Sports betting in Washington state remains in-person only after a legal challenge to the state’s tribal control over sports betting was tossed by a Federal judge earlier this week.
U.S. District Court Judge David Estudillo dismissed an antitrust challenge petitioned by cardroom operator Maverick Gaming. The lawsuit challenged the sports betting agreements that currently exist with the Washington state tribes.
Estudillo tossed the lawsuit out because he said that the Shoalwater Bay tribe needed to be included as they would be affected by the outcome of the lawsuit. The tribe could not be included due to their sovereign status.

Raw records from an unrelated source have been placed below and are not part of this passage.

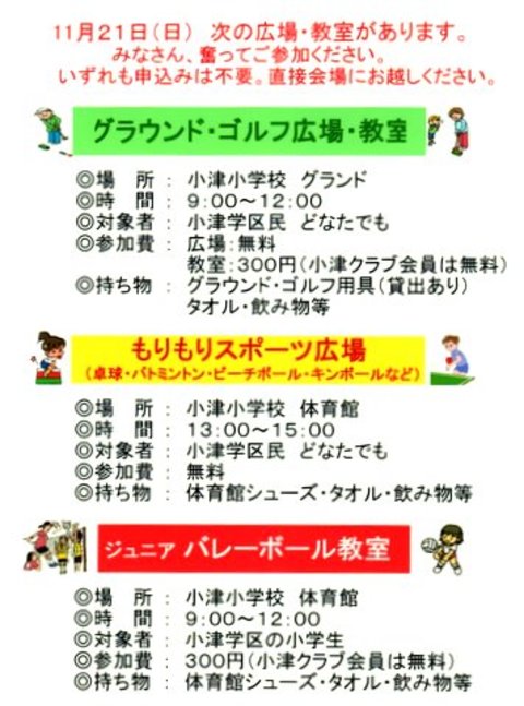 11月21日(日) 開催の広場・教室のご案内
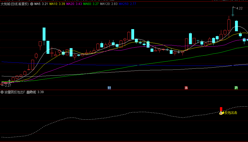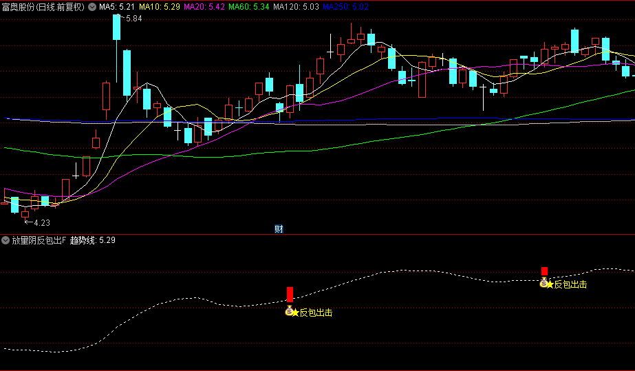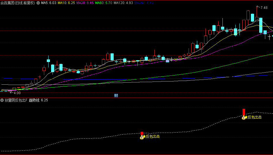 当上述四个条件同时满足时,“反包出击”指标便会在图表上以红色柱状线标出,
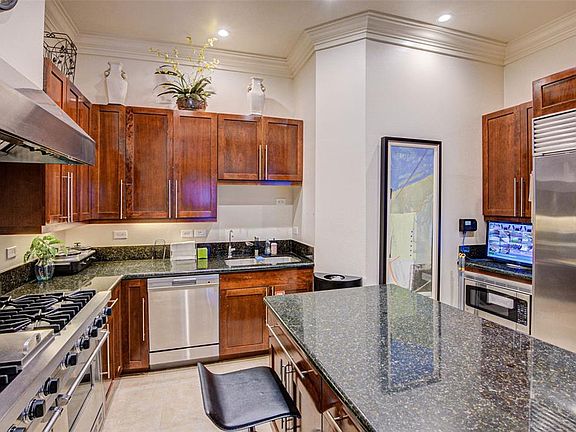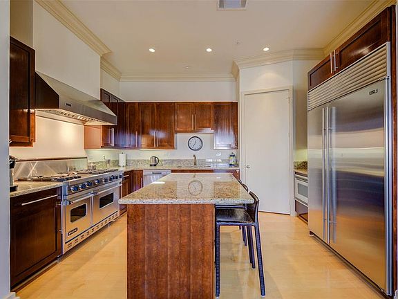 Luxury Highrise 3 bedroom and 2.5 bath 12FT ceilings, private balcony, and great Galleria views. Only 2 homes per floor. Gourmet kitchen with granite island, Viking 6 burner gas range, wine chiller, Sub Zero refrigerator, double ovens, gas fireplace, crown molding. Former model unit with additional upgrades in carpet & light fixtures. Elegant finishes and assigned parking spots. You will feel you are at a resort with beautiful landscaping. Pool, fitness room, club room, & 24 HR Concierge service available for you. Close to the Galleria Mall, easy access to 610, I-10, HWY 59, and Westpark.
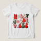 Los Navidades retro Holly Jolly Vibes Trendy Holidays Girly Girl's T-Shirts presenta el texto "Holly Jolly Vibes" en un guión retro en rojo, verde y rosa acentuado con estrellas y caras adorables y felices. Diseñado por ©Evco Holidays www.zazzle.com/store/evcoholidays

“Given this history, and the economic and sovereign rights implicated by Maverick’s suit, the Court agrees that Shoalwater is ‘necessary, and if not susceptible to joinder, indispensable to litigation seeking to decimate that contract’,” Estudillo said.

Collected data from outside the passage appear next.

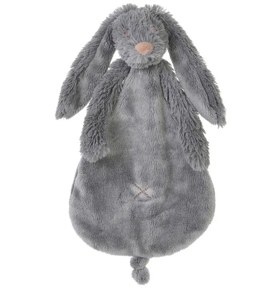 Zacht knuffeldoekje in de vorm van een grijs knuffelkonijntje. Gemaakt door Happy Horse. Zeer geschikt als kraamcadeautje. Het doekje is wasbaar op 30 graden. Het knuffeldoekje is 25 cm
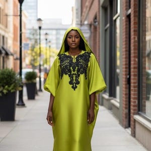 Crafted from luxurious mikado silk, this boubou offers a combination of comfort and style, perfect for special occasions or formal gatherings. The long embroidery on the neck enhances the traditional aesthetic of the kaftan, making it a standout piece in any wardrobe.
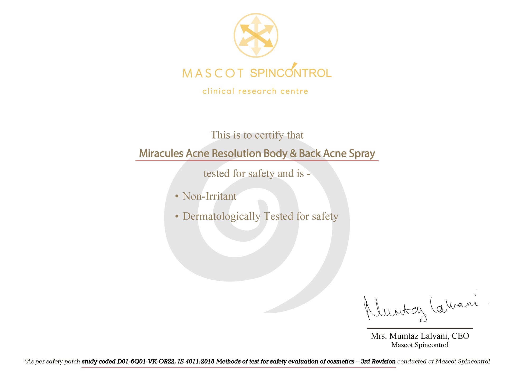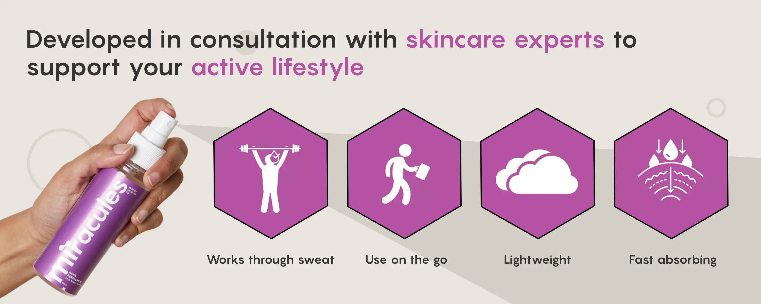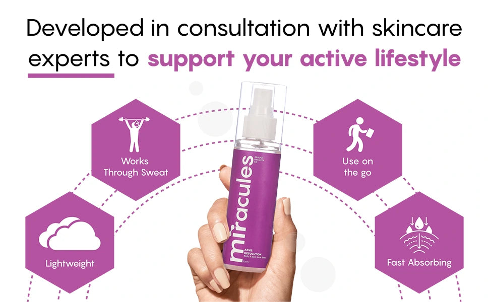 Spray a generous amount over the clean acne-affected areas. Wait for about 60 seconds before getting dressed or covering up the treated area.
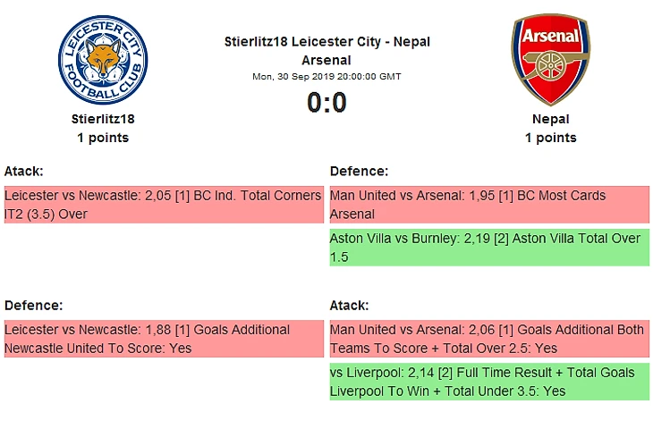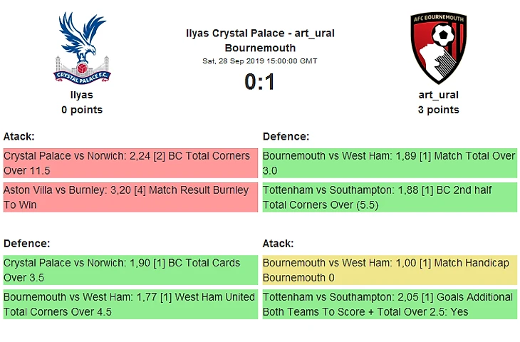 В двух оставшихся парах соседи по турнирной таблице Лестер Stierlitz18 и Арсенал Непала, мой Борнмут и Кристалл Пэллас Ильяса выяснят, кто из них сможет бросить вызов лидирующей тройке. И по балансу, и по уверенной игре в атаке Борнмут и Арсенал выглядят предпочтительнее своих соперников, но в пользу Ильяса и Stierlitz18 uоворит их лучшая защита по сравнению с соперниками/

The dismissal of the lawsuit means that any expansion of sports betting in the state to include mobile betting is once again dead. There remains a possibility that legislative action by the state government could push through mobile betting, but it would fly in the face of amended compacts that the native tribes signed with the state in 2020 after sports betting was legalized in the state.
Under those compacts sports betting can only take place in-person at tribal casinos.
According to Maverick Gaming CEO Eric Persson the company will appeal the decision and is willing to go all the way to the U.S. Supreme Court is necessary.